- _Brief_: An image-free, exact copy of the records below is required.

···

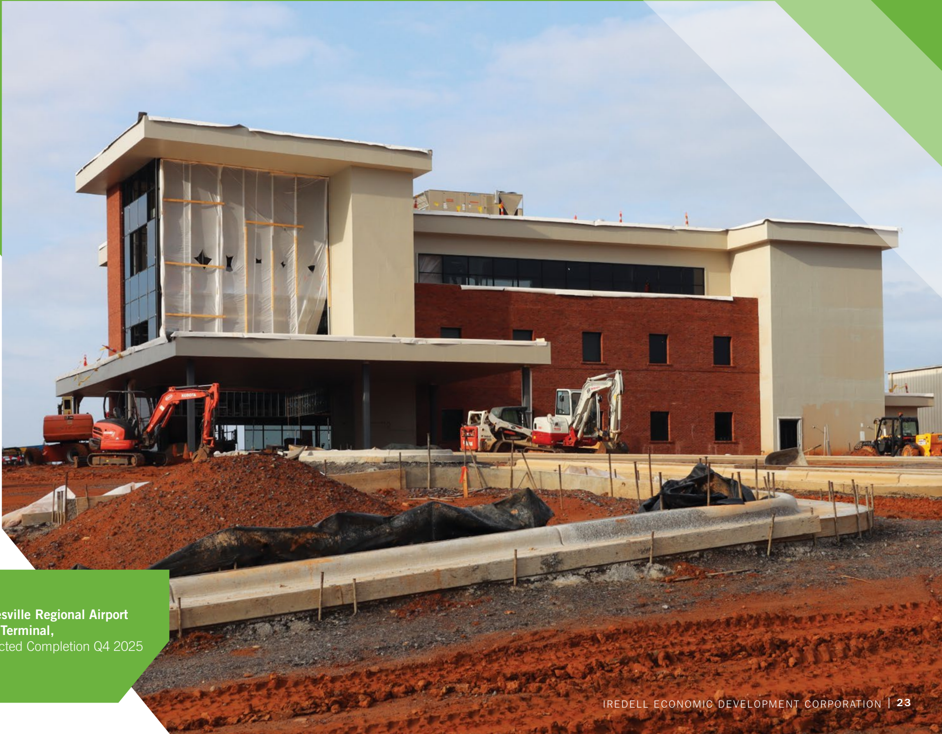
Statesville Regional Airport New Terminal, Expected Completion Q4 2025
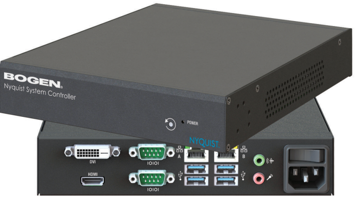
NQ-SYSCTRL - NYQUIST System Controller
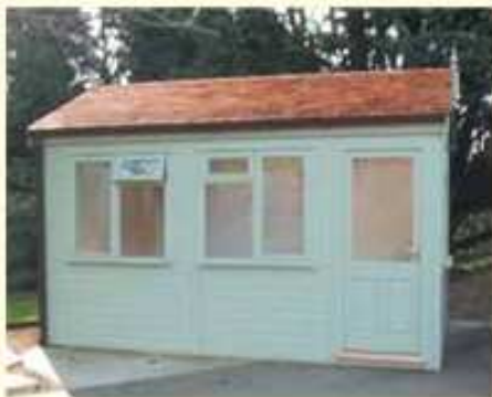
14' x 8' Hallow
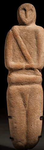
An ancient Canaanite idol
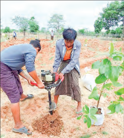
The Yenantha Dinga Brothers Parahita members were planting shade trees.

To ensure the survival of the plants, the gardeners are provided with houses in the gardens and financial support as maintenance fees.
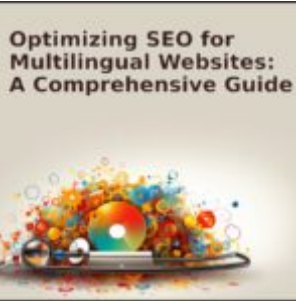
Optimizing SEO for Multilingual Websites: A Comprehensive Guide
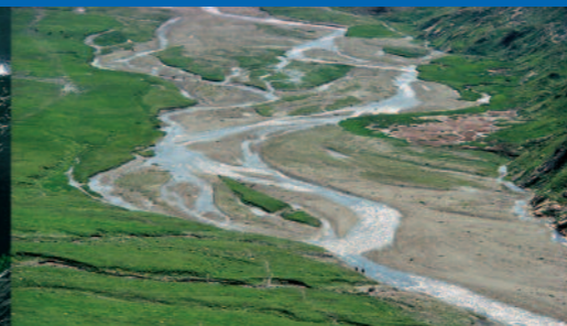
Greina / GR
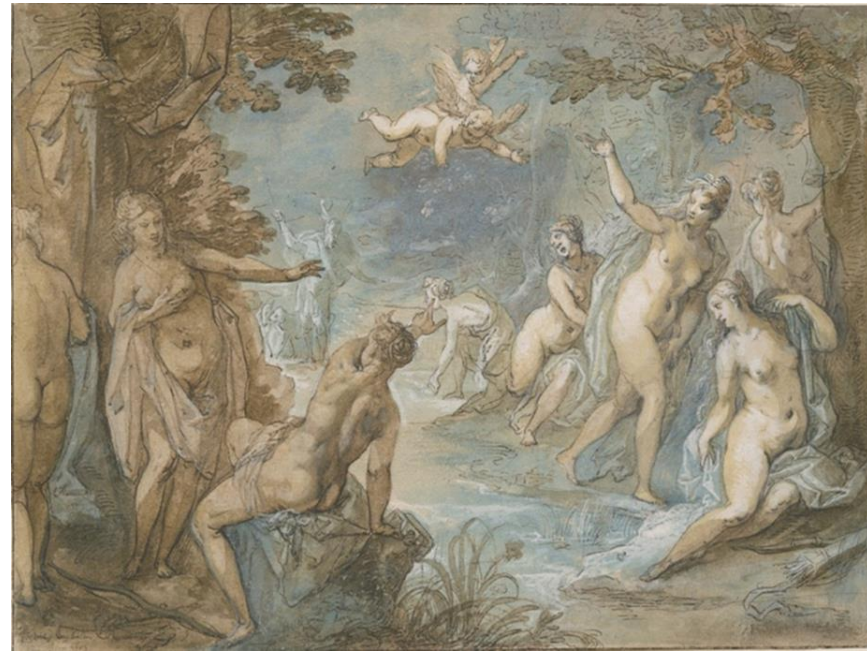
Hendrik van Balen, Diana and Acteon , 1605, 201 x 267 mm, PK.OT.00537

···

- _Task output_:
Statesville Regional Airport New Terminal, Expected Completion Q4 2025
NQ-SYSCTRL - NYQUIST System Controller
14' x 8' Hallow
An ancient Canaanite idol
The Yenantha Dinga Brothers Parahita members were planting shade trees.

To ensure the survival of the plants, the gardeners are provided with houses in the gardens and financial support as maintenance fees.
Optimizing SEO for Multilingual Websites: A Comprehensive Guide
Greina / GR
Hendrik van Balen, Diana and Acteon , 1605, 201 x 267 mm, PK.OT.00537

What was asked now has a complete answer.